Blog Post

What Can We Learn from AWS’s December Outagepalooza?

Top takeaways and lessons learned from the December 2021 AWS outages

2021’s slew of Internet outages or disruptions show how connected and relatively fragile the Internet ecosystem is. Case in point: December’s trifecta of Amazon Web Services (AWS) outages, which really brought home the fact that no service is too big to fail:  

  • 12/07/2021. Millions of users were affected by this extended outage originating in the US-EAST-1 region, which took down major online services such as Amazon, Amazon Prime, Amazon Alexa, Venmo, Disney+, Instacart, Roku, Kindle, and multiple online gaming sites. The outage also took down the apps that power warehouse, delivery, and Amazon Flex workers—in prime holiday shopping season. The AWS status dashboard noted that the root cause of the outage was an impairment of several network devices.
  • 12/15/2021. Originating in the US-West-2 region in Oregon and US-West-1 in Northern California, this incident lasted about an hour and brought down major services such as Auth0, Duo, Okta, DoorDash, Disney, the PlayStation Network, Slack, Netflix, Snapchat, and Zoom. According to the AWS status dashboard, "The issue was caused by network congestion between parts of the AWS Backbone and a subset of Internet Service Providers, which was triggered by AWS traffic engineering, executed in response to congestion outside of our network.”  
  • 12/22/2021.  This incident was triggered by a data center power outage in the U.S.-EAST-1 Region, causing a cascade of issues for AWS customers such as Slack, Udemy, Twilio, Okta, Imgur, Jobvite and even the NY Court system web site. Although the outage itself was relatively brief, related effects proved vexingly persistent, as some AWS users continued to experience problems related to the issue up to 17 hours later.  

The reality is, the next outage is not if, but when, where, and for how long. Pretending they don’t exist or won’t happen is not only pointless but harmful to your business. Looking back at the three December outages, we see four key takeaways:  

1.  Early detection is key to handling outages like the AWS incidents.  

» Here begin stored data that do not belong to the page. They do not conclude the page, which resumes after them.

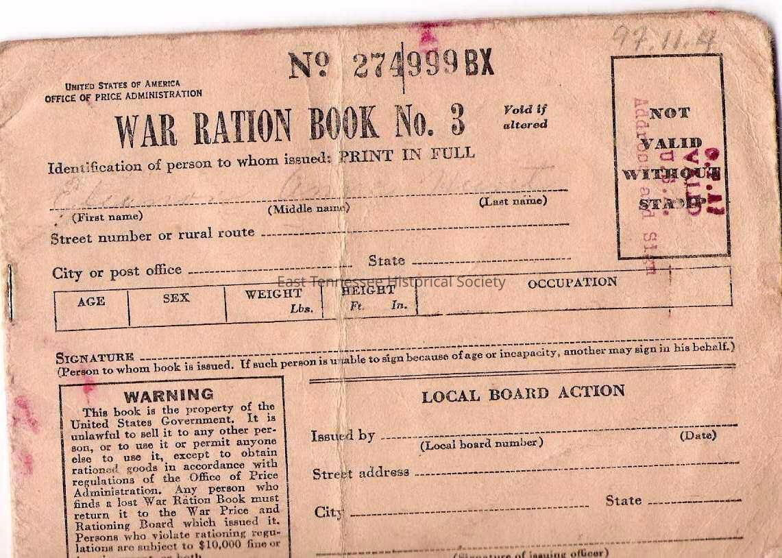 War Ration Book #three issued to Eleanor Anne Hunt, WWII.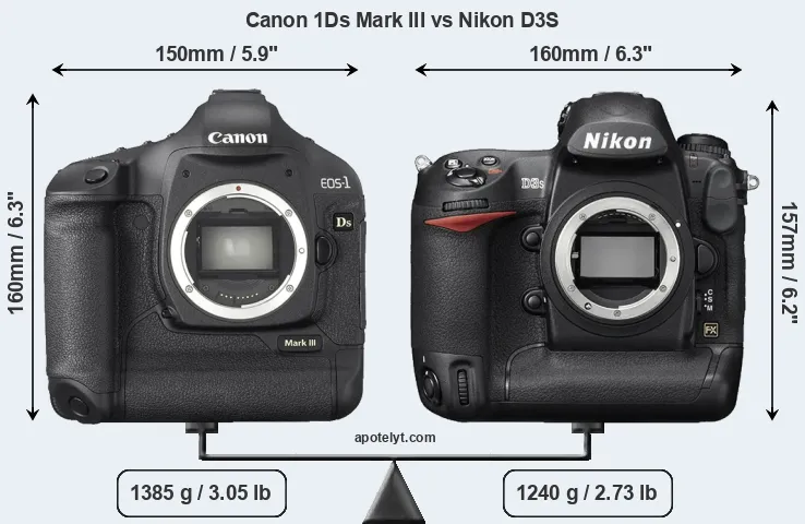 An illustration of the physical size and weight of the Canon 1Ds Mark III and the Nikon D3S is provided in the side-by-side display below. The two cameras are presented according to their relative size. Three consecutive perspectives from the front, the top, and the back are available. All width, height and depth dimensions are rounded to the nearest millimeter.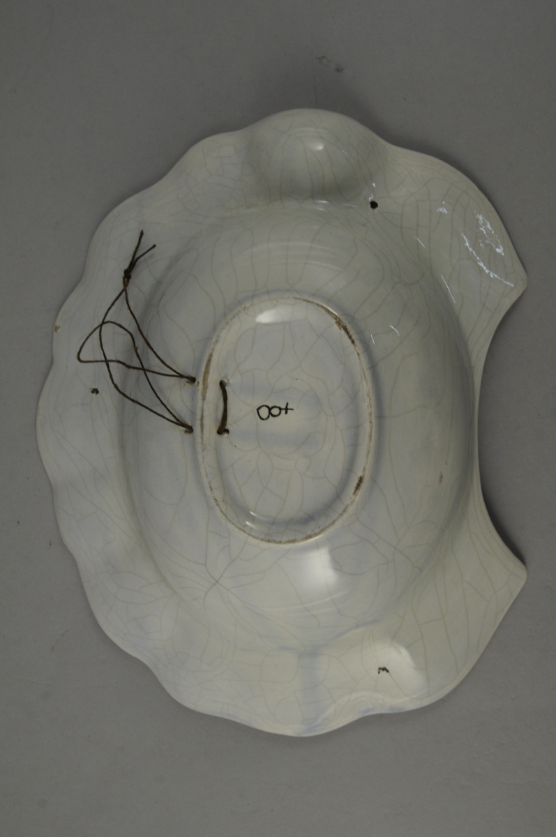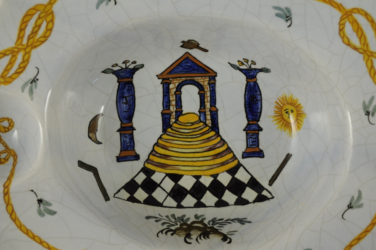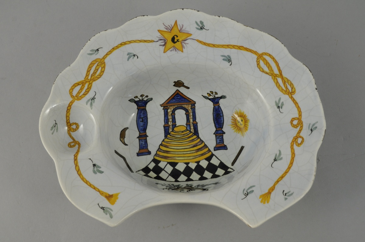 CENTRE de la FRANCE. PLAT à BARBE en faïence craquelée à bord contourné. Décor polychrome d'un temple, du pavé mosaïque, de deux colonnes portant les lettres "J" et "B", d'attributs maçonniques et d'un rocher feuillagé sur le bassin. Étoile centrée d'un "G", corde nouée et feuillages sur l'aile. Fin XIXème. Long. 26,7 cm.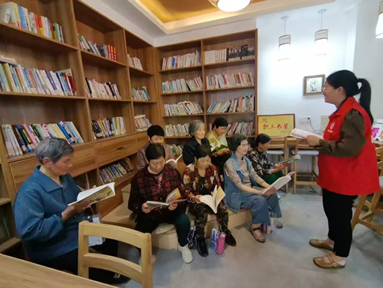 活动现场,杨林娇老师通过“阅读讲座+好书分享”的形式,带领老人们重温经典名著、品析养生知识类书籍,并贴心指导老年人掌握科学阅读方法。在“银龄朗诵”环节,学员们轮流诵读《平凡的世界》《论语》等经典片段,声情并茂的演绎赢得阵阵掌声。自由讨论阶段,老人们争相分享读书感悟,推荐《长寿之道》《乡土中国》等书籍,现场气氛温馨热烈。72岁的学员李阿姨感慨:“小时候没有读多少书,老了还能读书,仿佛回到了童年!”

Catchpoint observed all three outages well before they hit the AWS status page:  

  • 12/7/2021: Here at Catchpoint, we observed connectivity issues for AWS servers starting at 10:33 AM ET, considerably earlier than the announcement posted to the AWS Service Health Dashboard at 12:37 PM EST.
An image of a Waterfall graph with a red indicator highlighting a 504 error response for HTML page of Amazon site
Waterfall graph indicating 504 error response for HTML page of Amazon site (Catchpoint)
  • 12/15/2021: Catchpoint noted the outage at approximately 10:15 AM ET, once again before the AWS announcement at about 10:43 AM ET.
An image of a graph showing reported issues filtered by 'Last 1 hour, Last 24 hours, Last 7 days and Last 4 weeks'
User sentiment analysis(Catchpoint)  
  • 12/22/2021: Catchpoint first observed issues at 07:11 AM ET, 24 minutes ahead of the AWS announcement.
An image of a Proactive Chrome browser observer showing AWS outage
Proactive Chrome browser observer showing AWS outage (Catchpoint)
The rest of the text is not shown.